# Content

We list the main components found in this directory:
  - `CHaRS_XXX.ipynb`: Extraction of Activations, computations of Cluster Centroids, OT Mappings, Principal Components etc, and generates the steering config file in `/outputs` for the generations under steering. XXX Represents the method and configuration.
  - `generate_responsees_XXX.py`: generation of steered responses (with our vLLM fork) used for evaluation; XXX represents the respective method and configuration.
  - `evaluate_jailbreak_XXX.py`: evaluation on `HarmBench`; XXX represents the respective method and configuration.
  - `eval_tinybench.sh`: script to run the evaluation of tinyBenchmarks. (with `github.com/EleutherAI/lm-evaluation-harness`)
  - `endpoint.py`: an OpenAI-compatible endpoint server that hosts the respective model that we want to run language evaluations on.


# Installation

1. Create conda environment:

```bash
conda create -n chars python=3.11
conda activate chars
pip install -r requirements.txt
conda deactivate
cd ..
```

2. Install vLLM from source (following the instructions in the vLLM repo https://docs.vllm.ai/en/stable/getting_started/installation/gpu.html):

```bash
cd ../vllm/
conda activate chars
python use_existing_torch.py
pip install -r requirements-build.txt
pip install --editable . --no-build-isolation
conda deactivate
cd ..
```

3. Create a separated conda environment for lm-evaluation-harness and install it
   following https://github.com/EleutherAI/lm-evaluation-harness:

```bash
cd ..
conda create -n lm_eval python=3.11
conda activate lm_eval
git clone --depth 1 https://github.com/EleutherAI/lm-evaluation-harness
cd lm-evaluation-harness
pip install -e ."[api]"
pip install git+https://github.com/felipemaiapolo/tinyBenchmarks
conda deactivate
cd ..
```

# Generating the results

1. Run the `CHaRS_XXX.ipynb` notebook for any choice of configuration (XXX) to extract the activations and constructs the steering configurations file necessary for generations under steering for the desired model. The configuration file will generated in the `output/` folder.
2. Run the `generate_responsees_XXX.py` script to generate the steered responses for the desired model.

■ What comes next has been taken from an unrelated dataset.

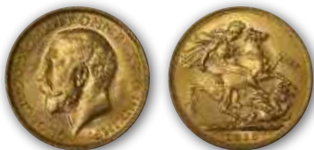
1915 Perth Lustrous UNC $1400.00

The generations will also be saved in `output/`. 
3. The `evaluate_jailbreak.py` script will evaluate the generations on `HarmBench`. The output will be saved in the `output/` folder.
4. Run the `eval_tinybench.sh` script in the `lm-eval` environment to evaluate the steered
   generation on tinyBenchmarks.
   - You must first serve run `endpoint.py` script to serve an OpenAI-compatible endpoint
     server with CHaRS/CHaRS_PCT supported. Change the model name in the script to the
     one you want to evaluate.
   - Change the `MODELS` and `port` variables in the `eval_tinybench.sh` script to the models you want to
     evaluate and the port of the endpoint server.
   - The output will be saved in the `benchmarks/` folder.